Organ builder and inventor of telephone devices (1849–1886)

Hilborne Lewis Roosevelt (December 21, 1849 – December 30, 1886) was a pioneering organ builder, telecommunication engineer, and a member of the Roosevelt family.

==Life==
Roosevelt was born in New York City to Silas Weir Roosevelt, a son of Cornelius Roosevelt and Mary West. He was thus a cousin of Presidents Theodore Roosevelt and Franklin D. Roosevelt.

Roosevelt did not take to either business or politics, the traditional Roosevelt family occupations. Instead, he was musically and mechanically inclined and wanted to be an organ builder from early childhood, entering an apprenticeship at an organ factory. He later traveled to Europe for further training in the field. His relatives frowned upon a mechanical occupation, but when he began to make money, his family was reassured.

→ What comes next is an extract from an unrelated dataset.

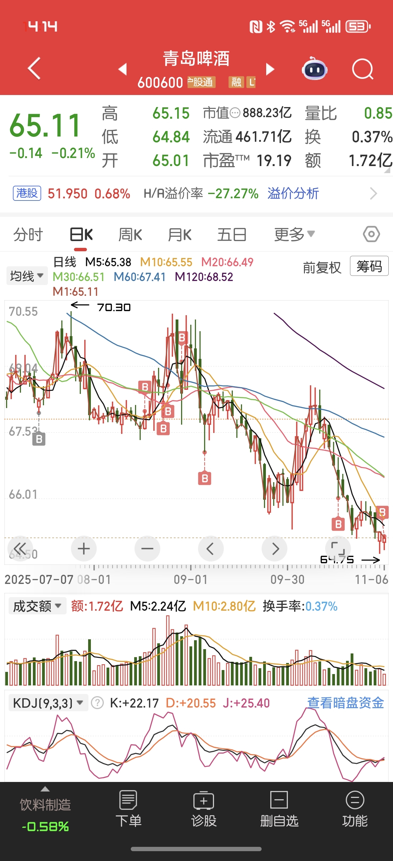 $青岛啤酒(SH600600)$  你继续 越跌越加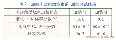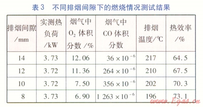 通過測試可知,排煙間隙小于10mm時,由于排煙阻力增大,不利于一次空氣與二次空氣的供給,造成燃燒不完全,CO排放超標。而排煙間隙為10mm時,熱效率可達70%以上,CO排放量也在標準要求的范圍之內(nèi)。因此排煙間隙為10mm最為理想。

Roosevelt was particularly interested in the electric action organ, and was one of the first to study the application of new electrical devices to the manufacture of organ actions. He took out the first patent in the United States for an electric action for the pipe organ when he was 20, and built the first electric action organ in the United States for the Philadelphia Centennial Exposition. Though primarily interested in the technical aspects, he had a good deal of business acumen as well, establishing factories in New York City, Philadelphia, and Baltimore. Hilborne founded the Roosevelt Pipe Organ Builders in 1870 with his brother Frank and built some of the largest organs in the United States during his career.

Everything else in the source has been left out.